In Gethers, the Court of Appeals addressed this very issue, whether an identification procedure should be suppressed as the product of an unlawful arrest. The Court therein recognized that illegally obtained evidence which " has been come at by exploitation of that illegality'" should be suppressed. Gethers at 161-162, quoting Wong Sun v. United States, 371 U.S. 471 at 488 (1963). In suppressing the identification procedure, the Gethers Court found that "the identification of defendant ... immediately following the illegal arrest and detention of defendant, was a product of the illegality ... The causal link between the arrest and identification is obvious and unattenuated the illegal seizure and detention of defendant not only made the identification possible, but was done for the purpose of displaying him to [the complainant] thereby securing a pretrial identification to be used to bolster [the] in court identification[.]" Gethers at 162-163.

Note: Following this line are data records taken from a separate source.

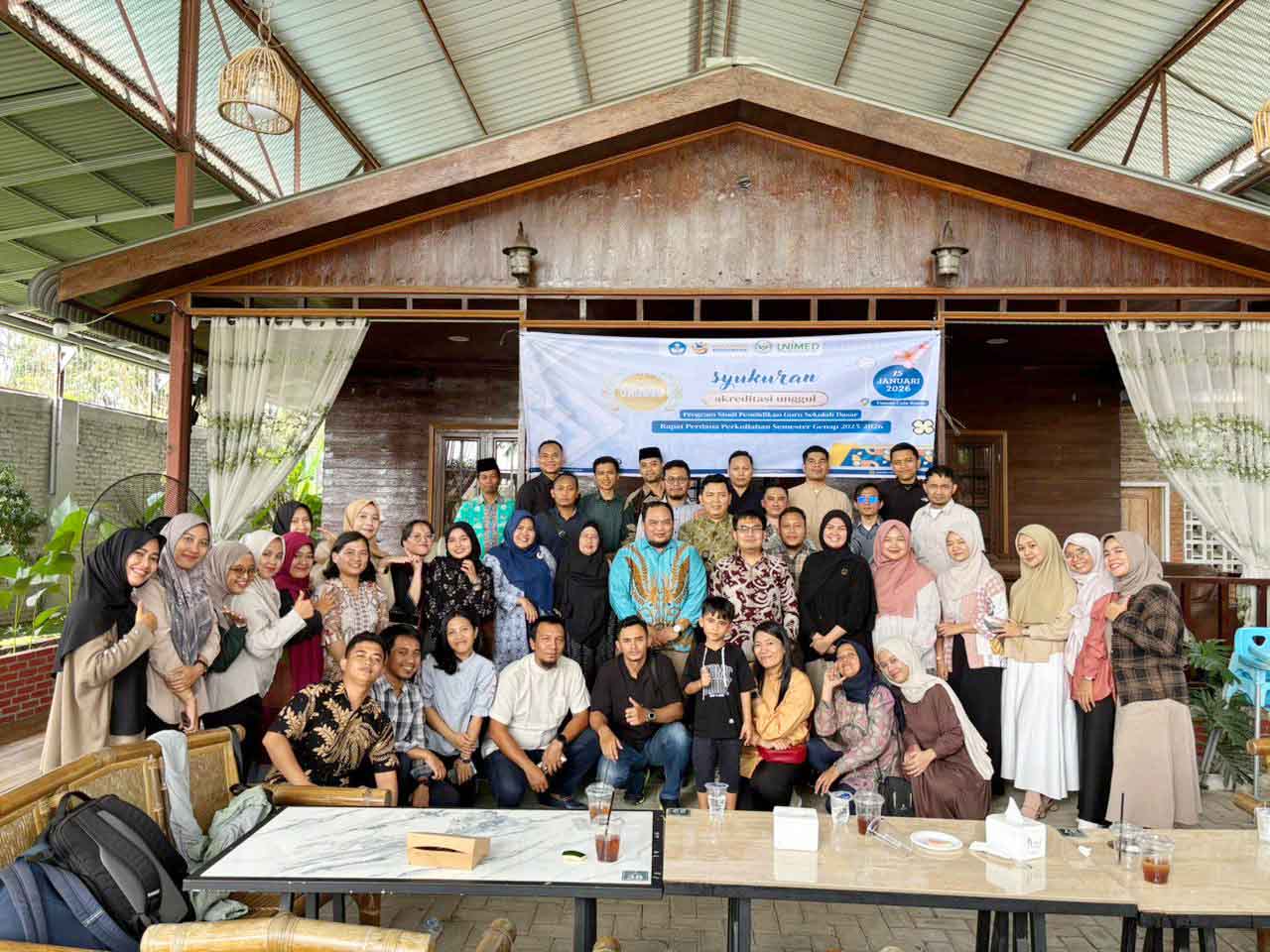 Medan, 15 Januari 2026 – Program Studi Pendidikan Guru Sekolah Dasar (PGSD) Fakultas Ilmu Pendidikan (FIP) Universitas Negeri Medan (UNIMED) menggelar Rapat Persiapan Perkuliahan Semester Genap Tahun Akademik 2025/2026 yang dirangkaikan dengan syukuran atas raihan Akreditasi Unggul, pada hari Kamis, tanggal 15 Januari 2026, pukul 10.00 WIB hingga 13.30 WIB. Kegiatan ini berlangsung di Temui Cafe dan Resto, Jalan Perhubungan No.4, Tembung, Kecamatan Percut Sei Tuan, Kabupaten Deli Serdang, Sumatera Utara.
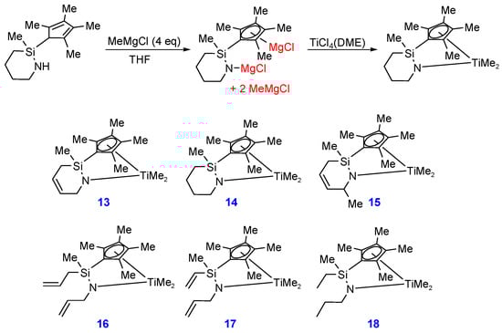 The metalation of 6 using the methods introduced by Resconi et al. (treatment of 4 equiv. of MeLi in diethyl ether then with TiCl4) was unsuccessful [45,46]. The action of MeLi on 6 did not afford the desired dilithium compound (MeC5(Li)-Si(Me)(CH2CH=CH2)-N(Li)(CH2CH=CH2)), but instead resulted in destruction of the ligand framework. However, treatment of 6 with 4 equiv. of MeMgCl for a rather long reaction time (three days) in tetrahydrofuran (THF) at room temperature cleanly generated the desired dianion (MeC5(MgCl)-Si(Me)(CH2CH=CH2)-N(MgCl)(CH2CH=CH2)). Addition of TiCl4(DME) to the resulting solution containing the dianionic species and remaining 2 equiv. of MeMgCl afforded the desired complex 13 (Chart 2) in moderate yield (63%). The 1H-NMR spectrum showed Ti-Me and Si-Me signals at 0.59, 0.46, and 0.43 ppm as singlets, while C5Me4-signals were observed at 1.98, 1.96, 1.94, and 1.87 ppm as singlets. The two protons on -NCH2- are diastereotopic to each other and their signals were widely separated at 5.47 and 4.63 ppm with a large geminal coupling constant (2J = 19.5 Hz). The two =CH signals were observed at 5.7 and 5.5 ppm as multiplets (Figure 1). Complex 14 was also successfully prepared from 9 (hydrogenated compound of 6) by the same method under the same conditions (treatment with 4 equiv. of MeMgCl and subsequent addition of TiCl4(DME)). The 1H-NMR spectrum of 14 (Figure 1) shows signals of the two diastereotopic -NCH2- protons at 5.18 and 3.65 ppm, indicating a notable up-field shift relative to the corresponding chemical shifts of 13 (5.47 and 4.63 ppm). When 7 (RCM precursor bearing a methyl substituent at the α-position of the amino group) was treated with MeMgCl, deprotonation was sluggish. Treatment of 2 equiv. of nBuLi in diethyl ether cleanly precipitated the dilithium compound, which was subsequently treated with TiCl4(DME) and 2 equiv. of MeMgCl simultaneously to afford the desired titanium complex 15. Having two chiral centers, 15 was obtained as a mixture of two diastereomers and the 1H- and 13C-NMR signals were rather complex. Titanium complexes 16 and 17 were successfully generated from the respective RCM precursors 3 and 10. In these cases, treatment of nBuLi in diethyl ether cleanly precipitated the corresponding dilithium compounds, from which the desired complexes were generated in good yields (84% and 88%) by treatment with TiCl4(DME) and 2 equiv. of MeMgCl. The vinyl groups in 17 were hydrogenated using a Pd/C catalyst to obtain 18 ([Me(Et)Si(η5-Me4C5)(κ1-NPr)]TiMe2). All complexes, except for 14, were oily in nature with high solubility in hexane, and resistant to recrystallization, but the crude products extracted using hexane were pure based on 1H- and 13C-NMR analyses. Complex 14 was crystalline, but the crystals were formed as thin needles that were unsuitable for X-ray crystallography.
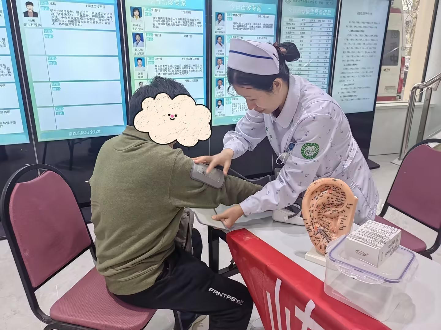 在中医适宜技术体验区,医护人员为群众测量血压血糖,提供耳穴压豆、穴位按摩等中医特色服务,用通俗语言讲解保健知识,针对高血压、糖尿病等慢性病,从饮食、运动、用药等方面给予个性化指导,让群众在家门口享受到优质中医药服务。
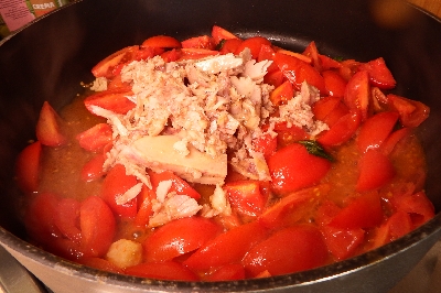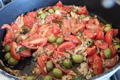 Add the tuna fillets and mix them into the sauce with a wooden spoon
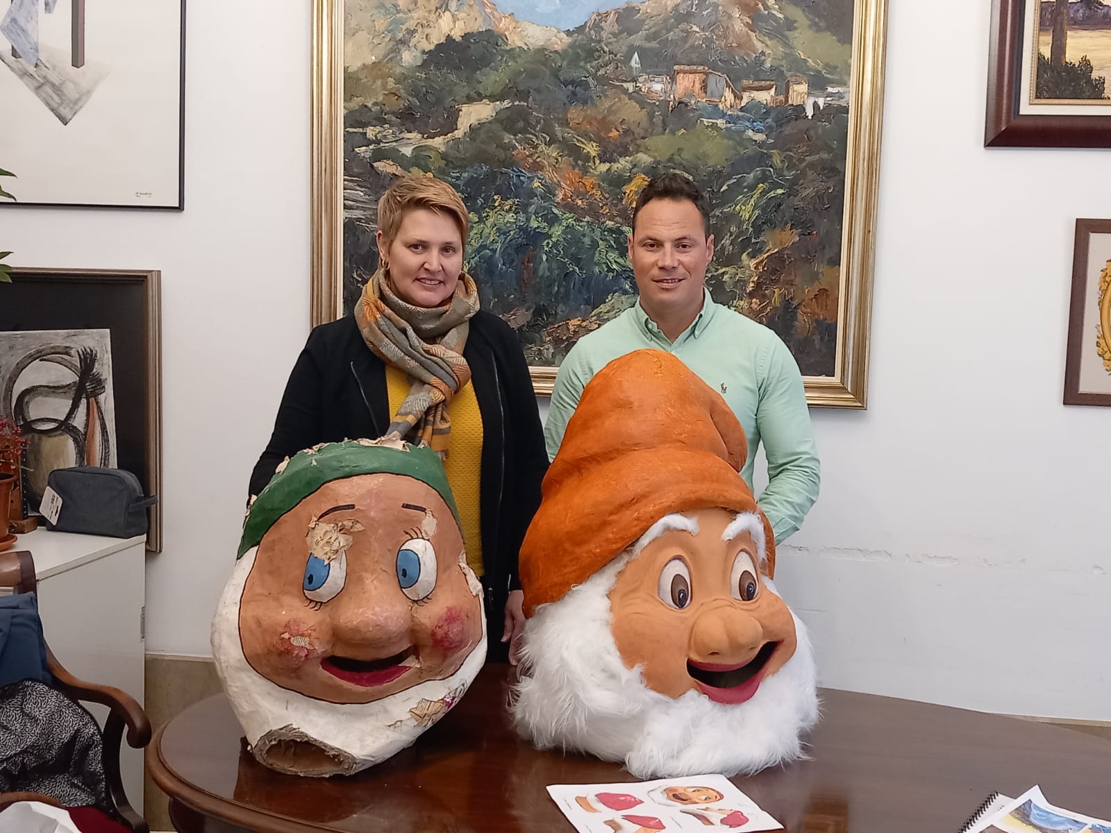 Aquest divendres, Pep Muñoz i Joana Maria Amengual ens han visitat per mostrar-nos el procés de restauració dels set caparrots nans, una tasca molt improtant que permetrà lluir aquestes figures amb importants millores.
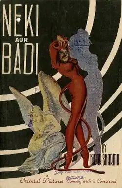 Neki Aur Badi (Hindi for " Goodness Grows") is a 1949 Indian Hindi-language patriotic drama film directed by Kidar Sharma.[2] The film stars Sharma with Madhubala and Geeta Bali.[3][4] It was the only film in which Sharma played the male lead role.[5]
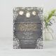 Madera de granero rústica y invitación a la boda de encaje floral blanca con encantados cordones y jarras de albañil llenas de luciérnagas de oro estrelladas. — Todos los elementos de diseño creados por Jinaiji
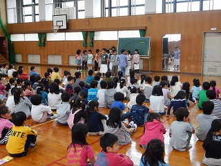 これから1・2年生でいろいろな活動をしていきます。今日は2年生の司会で,1・2年生の顔合せをしました。とっても上手なはじめの言葉の後は,クイズの係の子どもたちから1年生に,○×ゲームをしました。「校長先生の名前は?」「なわとび広場で遊んでいいのは?」と,とっても楽しそうでした。
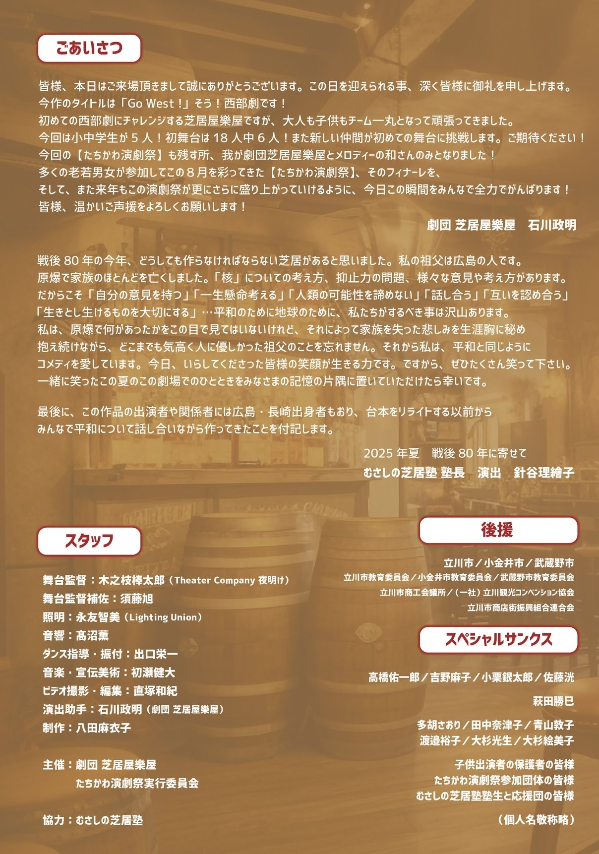 主催:劇団 芝居屋樂屋/たちかわ演劇祭実⾏委員会
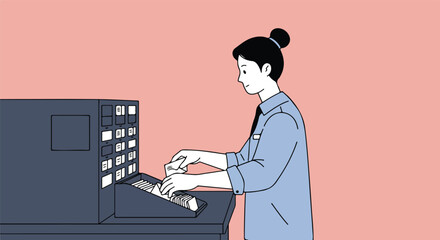 Vibrant textile waste sorted by color fills long bins in an industrial setting. Overhead cranes and machinery suggest a recycling facility. Bright and organized. Recycle waste background

Likewise, because Respondent herein was arrested inside his home, in violation of Payton and without probable cause, this Court finds that the show-up identification that followed must be suppressed since it was the direct product of the illegal seizure and detention. United States v. Crews, 445 U.S. 463, 100 S.Ct. 1244 (1980); People v. Brnja 50 NY2d 366, 406 NE2d 1066 (1980); People v. Butler 90 AD2d 797, 455 NYS2d 647 (2nd Dept. 1982).

In view of the foregoing, Respondent's motion to suppress is granted and the matter is hereby adjourned for the commencement of an independent source hearing.

The above constitutes the decision and order of the Court.

E N T E R:

____________________________Juan M. Merchan, J.F.C.